By Christopher Adams
W.F. Strong, a professor in the department of communication at the University of Texas Rio Grande Valley-Brownsville, told a story about a British couple he recently had breakfast with. It was their first time visiting the Lone Star State. The wife, a member of the English nobility, shockingly observed that Texas had a prodigious amount of sizable pickup trucks devoid of cargo. In England, pickups aren’t so common, and they all carry cargo, she explained to the professor.
Strong said, “I told her ours carried cargo too—windmill fuel. She enjoyed my joke, but nonetheless, her point did illustrate clearly that we do enjoy a unique truck culture here that is startling to the outsider.”
While England is arguably the birthplace of mass transit, or public transportation, France manages 57 tram lines (as of 2014) that run throughout the nation connecting large and medium samples of humanity and “carry some 3 million passengers a day,” according to City Lab. This high-speed train infrastructure was completely built in the last three to four decades.
The country that co-engineered the iconic Concorde airliner and developed the TGV high-speed rail is roughly the same size as Texas.
But France and Texas don’t share a robust appreciation for public transportation. Mass transit/public transport and Texas — definitely not synonymous — are more adversaries than compadres.
“This is Texas. People have pickup trucks and want to drive cars,” said Kyle Workman, the president of Texans Against High-Speed Rail, in a City Lab article.
That’s hard to argue with. A paper issued in 2011, which included researchers from the University of North Texas and the University of Texas at Arlington, demonstrated the resilience of truck and automobile culture in the context of the creation of public transportation systems in Dallas reported the Dallas Observer in 2016.
The research included interviews with city residents who lived in areas constructed for transit use, yet those people were less likely to use the public transportation accessible to them. Some interviewees’ comments published in the Observer were “Cars are much faster than trains,” and “I don’t want to take the time to learn how to use the system; too complicated.”
Strong believes a deeply embedded attitude of independence is what sparks a reaction to anything that is perceived as a threat to cultural autonomy.
“Texans, though mostly urban by a long shot, have a rural mindset,” Strong commented. “Many of us, at least in attitude, are still on the vast prairies of old, living largely solitary lives on the frontier. Cattle drives only lasted about 10 years, but we still identify with the fierce independence and freedom of the cowboy.”
Prior to World War II, mass transit was not publicly underwritten and soon became associated with profit-making privatization, said Kyle Shelton, deputy director at the Kinder Institute for Urban Research at Rice University, in an interview with Reform Austin. He further noted that this paved the way for highway and roadway projects to be built with generous infusions of public money due to the escalating popularity of automobiles.
“It was always seen as a public good,” he said. And justified in Texas as a means to connect rural markets — “Get the farmer out of the mud” — and the argument was thought to be a no-brainer that highways were a public necessity that needed to be publicly funded.

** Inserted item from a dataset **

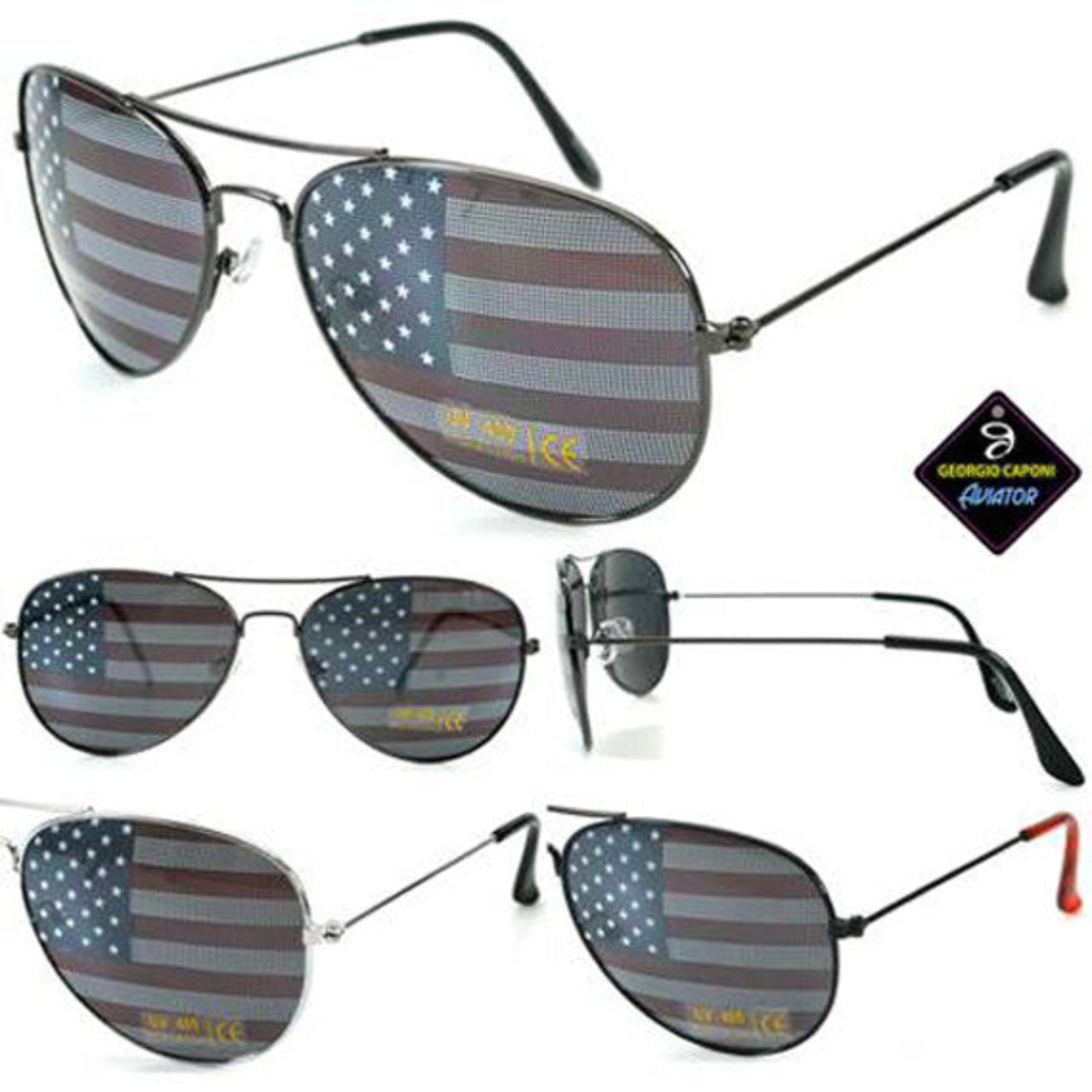 We understand the importance of protecting your eyes while expressing your patriotic spirit. That's why we offer these aviator sunglasses, featuring the American flag design on the lenses, making them a fashionable choice for any patriotic occasion.

“And there’s no denying for most Americans, not just Texans, as soon as automobiles were available they became a very sought after kind of amenity,” Shelton continued. “They brought a new wealth of changes that made people’s lives more convenient, like any number of other machines.”
The centuries-old intense attitude of individual sovereignty that persists isn’t leaving the state anytime soon. As to why mass transit, and even car-pooling, are difficult sells in Texas, Strong said, “Such things belie our collective self-image.”
Shelton said when you consider Texas cities such as Houston, Dallas, San Antonio and Austin — that have hungrily and indiscriminately seeped outward consuming land — contain substantial public transit systems whose service seems inferior when considering the latitude a truck or car offers a commuter or traveler.
“Car culture is an important part of American identity, and overcoming that is difficult. It’s also backed up by all sorts of other things like advertising and…salesmanship from car companies,” Shelton expressed.
He said people are more inclined to purchase vehicles since mobility-means and infrastructure cater to trucks and cars, adding that automakers earn much more money from trucks and SUVs than cars.
“We may not all have horses, but we care about horse power. Just as in the old days, we still don’t care to ride double,” Strong said. “Everybody needs the self-reliance of their own transportation.”